Because there is an OPEN operation, the client can be much more lazy about writing data to the server. Indeed, for temporary files, the server may never see any data written before the client closes and removes the file.

7.6.2. Security

Aside from lack of multivendor support, the other problem with NFS security flavors is that they become obsolete rather quickly. To mitigate this, IETF specified the RPCSEC_GSS security flavor that NFS and other RPC-based protocols could use to normalize access to different security mechanisms. RPCSEC_GSS accomplishes this using another IETF specification called the Generic Security Services Application Programming Interface (GSS-API). GSS-API is an abstract layer for generating messages that are encrypted or signed in a form that can be sent to a peer on the network for decryption or verification. GSS-API has been specified to work over Kerberos V5, the Simple Public Key Mechanism, and the Low Infrastructure Public Key system (LIPKEY). We will discuss NFS security, RPCSEC_GSS, and Kerberos V5 in more detail in Chapter 12, "Network Security".

The Secure Socket Layer (SSL) and IPSec were considered as candidates to provide NFS security.

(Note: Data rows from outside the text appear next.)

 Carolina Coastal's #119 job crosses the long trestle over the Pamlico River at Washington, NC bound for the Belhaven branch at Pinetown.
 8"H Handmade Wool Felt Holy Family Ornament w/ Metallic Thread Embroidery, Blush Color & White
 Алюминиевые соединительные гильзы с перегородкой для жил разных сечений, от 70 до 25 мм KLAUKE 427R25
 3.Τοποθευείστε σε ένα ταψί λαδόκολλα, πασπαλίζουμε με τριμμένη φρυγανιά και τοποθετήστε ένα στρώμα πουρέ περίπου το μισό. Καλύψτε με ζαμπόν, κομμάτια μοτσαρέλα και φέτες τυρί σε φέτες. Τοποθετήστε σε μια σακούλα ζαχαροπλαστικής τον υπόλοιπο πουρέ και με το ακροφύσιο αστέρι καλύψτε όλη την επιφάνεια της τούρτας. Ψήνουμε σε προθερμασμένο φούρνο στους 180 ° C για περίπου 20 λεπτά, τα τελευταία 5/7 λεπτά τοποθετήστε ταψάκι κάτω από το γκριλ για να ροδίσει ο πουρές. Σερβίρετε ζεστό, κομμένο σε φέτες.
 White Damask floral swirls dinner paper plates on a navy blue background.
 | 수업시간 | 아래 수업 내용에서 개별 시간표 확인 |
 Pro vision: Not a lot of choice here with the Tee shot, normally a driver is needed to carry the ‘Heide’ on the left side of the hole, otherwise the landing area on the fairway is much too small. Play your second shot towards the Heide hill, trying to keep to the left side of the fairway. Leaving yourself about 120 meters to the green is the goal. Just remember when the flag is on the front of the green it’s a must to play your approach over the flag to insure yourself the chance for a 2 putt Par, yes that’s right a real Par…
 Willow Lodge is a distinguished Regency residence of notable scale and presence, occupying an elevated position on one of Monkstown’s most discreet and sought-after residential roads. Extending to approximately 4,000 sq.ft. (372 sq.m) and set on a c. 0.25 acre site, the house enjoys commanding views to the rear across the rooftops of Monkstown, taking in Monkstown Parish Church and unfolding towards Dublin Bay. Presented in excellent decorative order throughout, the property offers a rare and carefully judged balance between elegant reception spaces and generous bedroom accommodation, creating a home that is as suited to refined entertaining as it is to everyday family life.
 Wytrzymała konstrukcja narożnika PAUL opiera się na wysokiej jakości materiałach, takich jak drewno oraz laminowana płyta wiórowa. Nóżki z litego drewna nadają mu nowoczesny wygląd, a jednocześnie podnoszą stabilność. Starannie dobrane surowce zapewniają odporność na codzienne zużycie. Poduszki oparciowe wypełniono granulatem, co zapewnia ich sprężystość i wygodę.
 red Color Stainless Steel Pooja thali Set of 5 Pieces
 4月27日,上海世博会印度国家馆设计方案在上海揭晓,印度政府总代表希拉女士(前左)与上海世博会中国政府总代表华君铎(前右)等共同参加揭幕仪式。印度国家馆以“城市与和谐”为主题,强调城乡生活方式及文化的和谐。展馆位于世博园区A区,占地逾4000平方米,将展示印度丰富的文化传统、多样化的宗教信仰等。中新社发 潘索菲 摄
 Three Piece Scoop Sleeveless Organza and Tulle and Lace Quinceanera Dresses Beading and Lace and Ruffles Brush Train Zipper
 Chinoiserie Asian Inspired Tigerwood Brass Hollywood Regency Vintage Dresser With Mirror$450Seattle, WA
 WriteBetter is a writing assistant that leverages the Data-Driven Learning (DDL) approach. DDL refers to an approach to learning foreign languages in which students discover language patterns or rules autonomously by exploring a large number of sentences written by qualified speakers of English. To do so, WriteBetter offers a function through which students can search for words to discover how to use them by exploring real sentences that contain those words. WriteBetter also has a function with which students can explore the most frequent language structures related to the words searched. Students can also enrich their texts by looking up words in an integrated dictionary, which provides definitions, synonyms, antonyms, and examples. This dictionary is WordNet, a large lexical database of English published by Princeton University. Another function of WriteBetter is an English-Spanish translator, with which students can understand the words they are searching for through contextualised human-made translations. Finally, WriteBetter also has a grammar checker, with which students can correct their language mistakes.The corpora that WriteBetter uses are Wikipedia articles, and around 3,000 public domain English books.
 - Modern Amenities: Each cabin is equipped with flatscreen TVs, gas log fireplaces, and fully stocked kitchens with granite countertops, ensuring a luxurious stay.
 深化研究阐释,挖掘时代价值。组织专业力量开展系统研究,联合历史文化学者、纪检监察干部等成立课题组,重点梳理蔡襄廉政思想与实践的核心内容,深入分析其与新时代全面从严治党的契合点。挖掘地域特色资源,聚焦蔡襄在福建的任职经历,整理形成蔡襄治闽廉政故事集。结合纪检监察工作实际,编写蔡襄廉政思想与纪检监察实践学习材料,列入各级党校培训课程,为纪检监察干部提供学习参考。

SSL wasn't feasible because it was confined to connection-oriented protocols like TCP, and NFS and RPC work over TCP and UDP. IPSec wasn't feasible because, as noted in the section Section 7.2.7, "NFS over TCP", NFS clients typically don't have a TCP connection per user; whereas, it is hard, if not impossible, for an IPSec implementation to authenticate multiple users over a single TCP/IP connection.